Local Catholic priest

Death of Irene Garza

Irene Garza (November 15, 1934 – April 1960) was a South Texas teacher and beauty queen whose death has been the subject of investigation for several decades. Garza was last seen alive on April 16, 1960, when she went to confession at a church in McAllen, Texas. She was reported missing the following morning. Following the largest volunteer search to that date in the Rio Grande Valley, Garza's body was discovered in a canal on April 21. An autopsy concluded that she had been sexually assaulted before being killed; the cause of death was suffocation.

Contents

Father John Feit, the priest who heard Garza's last confession, has been the only identified suspect in her death. Two clergymen, Dale Tacheny and Joseph O'Brien, came forward in 2002 to say that Feit had confessed to them shortly after the murder, but the Hidalgo County district attorney considered the evidence too weak to secure a conviction. The district attorney brought the case before a grand jury in 2004, but Feit, Tacheny and O'Brien were not subpoenaed, and Feit was not indicted.

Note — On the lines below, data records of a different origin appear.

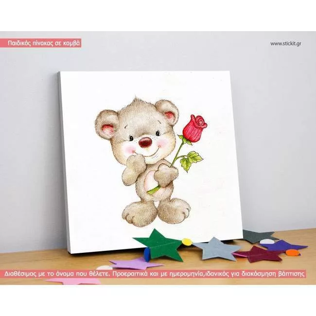 Πίνακας παιδικός σε καμβά Cute teddy bear with red rose
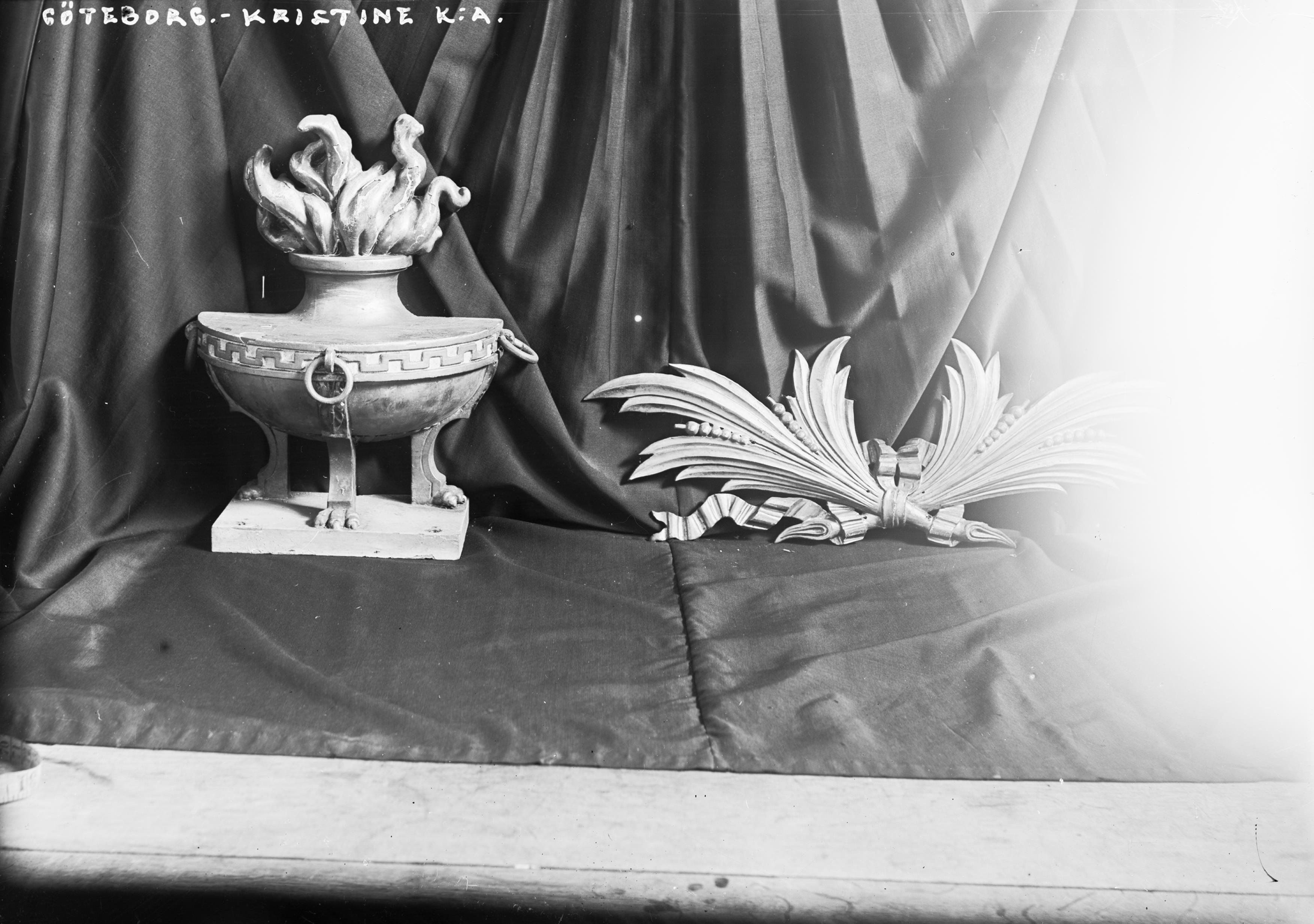Trefot och palmkvistar, har möjligen utgjort krön till gallergrind mellan Aschebergska gravkoret och kyrkan. Snabbinv.
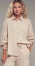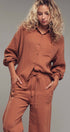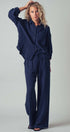 Stay effortlessly stylish with this cozy two-piece set featuring a relaxed button-up top and wide-leg drawstring pants. Made from soft, breathable cotton gauze, this set is perfect for lounging or casual days out with a boho twist.

The investigation into Garza's death was renewed in 2015 after a new district attorney took office in Hidalgo County. In February 2016, the 83-year-old Feit was arrested in Arizona in connection with Garza's death. He was later extradited to Texas, where he awaits trial for Garza's murder.

Background

Garza was born in 1934. Her parents, Nicolas and Josefina, owned a dry cleaning business in McAllen, a city in Hidalgo County and part of the South Texas border region known as the Rio Grande Valley. By the time Garza was a teenager, her parents' business had become very successful and the family was able to move from the south side of McAllen to a more affluent area on the north side of the city. She was a graduate of McAllen High School. White students made up a majority at the school, and Garza was the first Latina to become a twirler or head drum majorette. She was crowned the 1958 Miss All South Texas Sweetheart and was a homecoming queen at Pan American College.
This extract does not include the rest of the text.